** Source material follows **

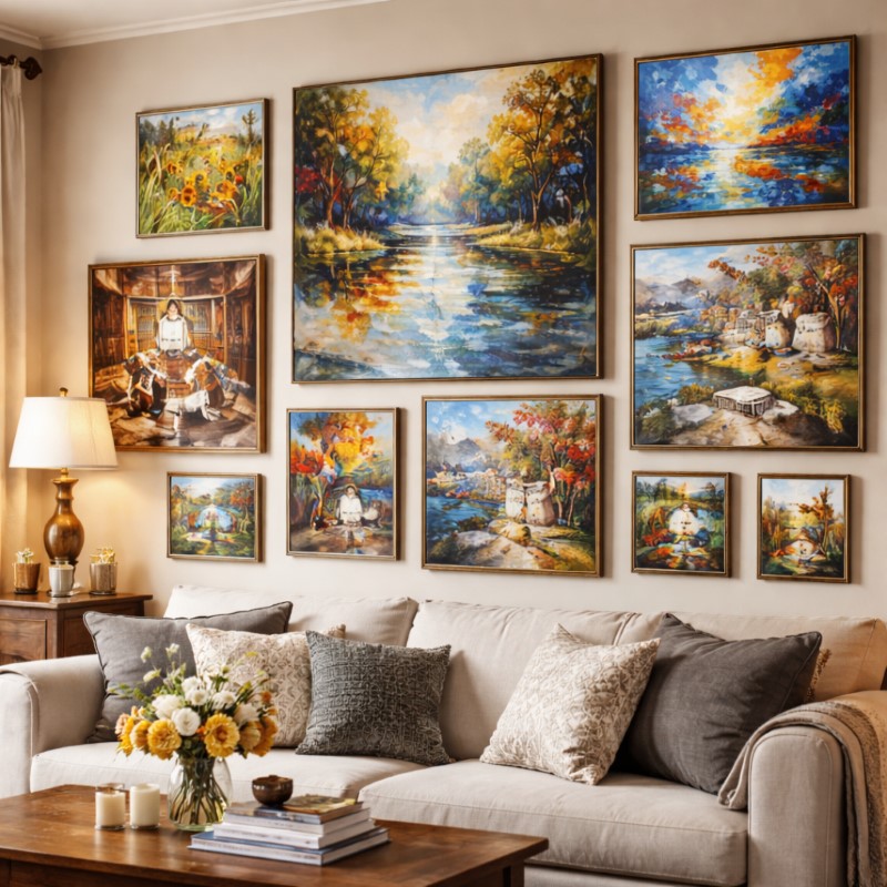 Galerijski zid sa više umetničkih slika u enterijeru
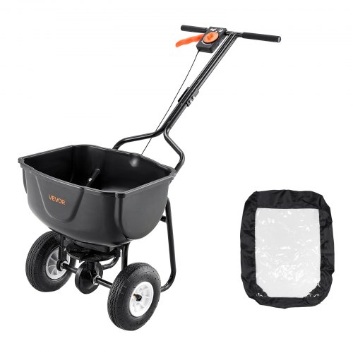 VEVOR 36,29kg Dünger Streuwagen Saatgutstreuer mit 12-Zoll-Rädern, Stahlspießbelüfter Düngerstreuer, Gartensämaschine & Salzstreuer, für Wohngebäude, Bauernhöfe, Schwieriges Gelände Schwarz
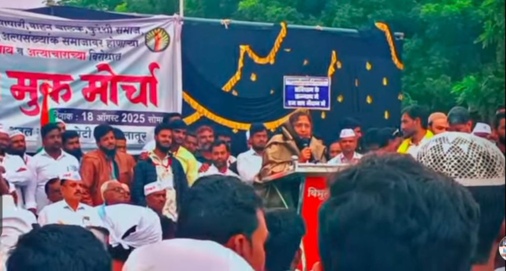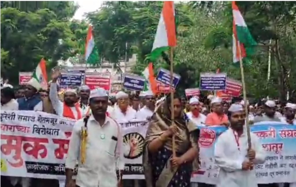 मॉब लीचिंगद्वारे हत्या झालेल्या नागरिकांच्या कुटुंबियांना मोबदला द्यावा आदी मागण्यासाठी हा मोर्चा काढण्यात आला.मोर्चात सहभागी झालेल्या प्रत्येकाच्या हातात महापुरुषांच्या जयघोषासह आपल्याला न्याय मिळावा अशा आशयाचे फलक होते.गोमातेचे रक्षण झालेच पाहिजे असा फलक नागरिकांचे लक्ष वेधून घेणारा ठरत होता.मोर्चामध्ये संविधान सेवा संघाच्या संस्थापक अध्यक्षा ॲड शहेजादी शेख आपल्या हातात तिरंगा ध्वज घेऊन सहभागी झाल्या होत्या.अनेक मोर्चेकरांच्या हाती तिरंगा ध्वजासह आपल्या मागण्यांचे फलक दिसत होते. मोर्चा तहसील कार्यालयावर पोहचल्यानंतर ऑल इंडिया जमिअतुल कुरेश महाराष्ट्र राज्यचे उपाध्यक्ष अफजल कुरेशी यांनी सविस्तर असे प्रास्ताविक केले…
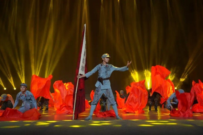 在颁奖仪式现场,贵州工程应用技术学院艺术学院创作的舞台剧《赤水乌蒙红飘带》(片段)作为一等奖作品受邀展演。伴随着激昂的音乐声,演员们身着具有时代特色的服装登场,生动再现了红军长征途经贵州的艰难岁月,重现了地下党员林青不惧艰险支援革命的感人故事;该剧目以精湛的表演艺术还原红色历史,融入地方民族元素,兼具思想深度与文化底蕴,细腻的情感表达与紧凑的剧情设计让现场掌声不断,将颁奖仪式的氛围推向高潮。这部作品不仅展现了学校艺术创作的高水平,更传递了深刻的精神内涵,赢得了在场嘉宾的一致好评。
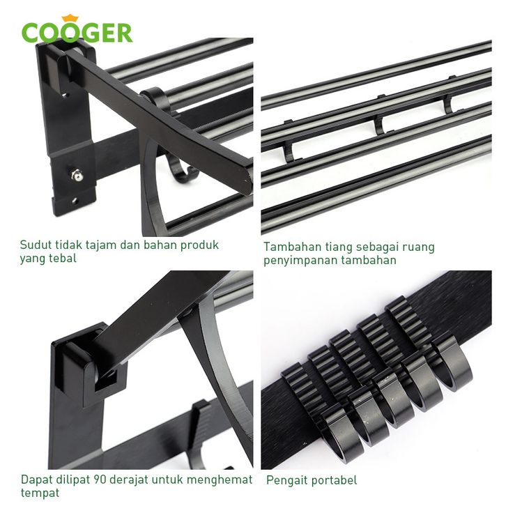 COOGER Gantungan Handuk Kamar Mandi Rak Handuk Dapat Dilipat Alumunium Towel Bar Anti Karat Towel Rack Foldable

** End of Source material **

Print the listing again exactly, please. Keep the pictures out of it.

**Problem solution**:
 Galerijski zid sa više umetničkih slika u enterijeru
 VEVOR 36,29kg Dünger Streuwagen Saatgutstreuer mit 12-Zoll-Rädern, Stahlspießbelüfter Düngerstreuer, Gartensämaschine & Salzstreuer, für Wohngebäude, Bauernhöfe, Schwieriges Gelände Schwarz
 मॉब लीचिंगद्वारे हत्या झालेल्या नागरिकांच्या कुटुंबियांना मोबदला द्यावा आदी मागण्यासाठी हा मोर्चा काढण्यात आला.मोर्चात सहभागी झालेल्या प्रत्येकाच्या हातात महापुरुषांच्या जयघोषासह आपल्याला न्याय मिळावा अशा आशयाचे फलक होते.गोमातेचे रक्षण झालेच पाहिजे असा फलक नागरिकांचे लक्ष वेधून घेणारा ठरत होता.मोर्चामध्ये संविधान सेवा संघाच्या संस्थापक अध्यक्षा ॲड शहेजादी शेख आपल्या हातात तिरंगा ध्वज घेऊन सहभागी झाल्या होत्या.अनेक मोर्चेकरांच्या हाती तिरंगा ध्वजासह आपल्या मागण्यांचे फलक दिसत होते. मोर्चा तहसील कार्यालयावर पोहचल्यानंतर ऑल इंडिया जमिअतुल कुरेश महाराष्ट्र राज्यचे उपाध्यक्ष अफजल कुरेशी यांनी सविस्तर असे प्रास्ताविक केले…
 在颁奖仪式现场,贵州工程应用技术学院艺术学院创作的舞台剧《赤水乌蒙红飘带》(片段)作为一等奖作品受邀展演。伴随着激昂的音乐声,演员们身着具有时代特色的服装登场,生动再现了红军长征途经贵州的艰难岁月,重现了地下党员林青不惧艰险支援革命的感人故事;该剧目以精湛的表演艺术还原红色历史,融入地方民族元素,兼具思想深度与文化底蕴,细腻的情感表达与紧凑的剧情设计让现场掌声不断,将颁奖仪式的氛围推向高潮。这部作品不仅展现了学校艺术创作的高水平,更传递了深刻的精神内涵,赢得了在场嘉宾的一致好评。
 COOGER Gantungan Handuk Kamar Mandi Rak Handuk Dapat Dilipat Alumunium Towel Bar Anti Karat Towel Rack Foldable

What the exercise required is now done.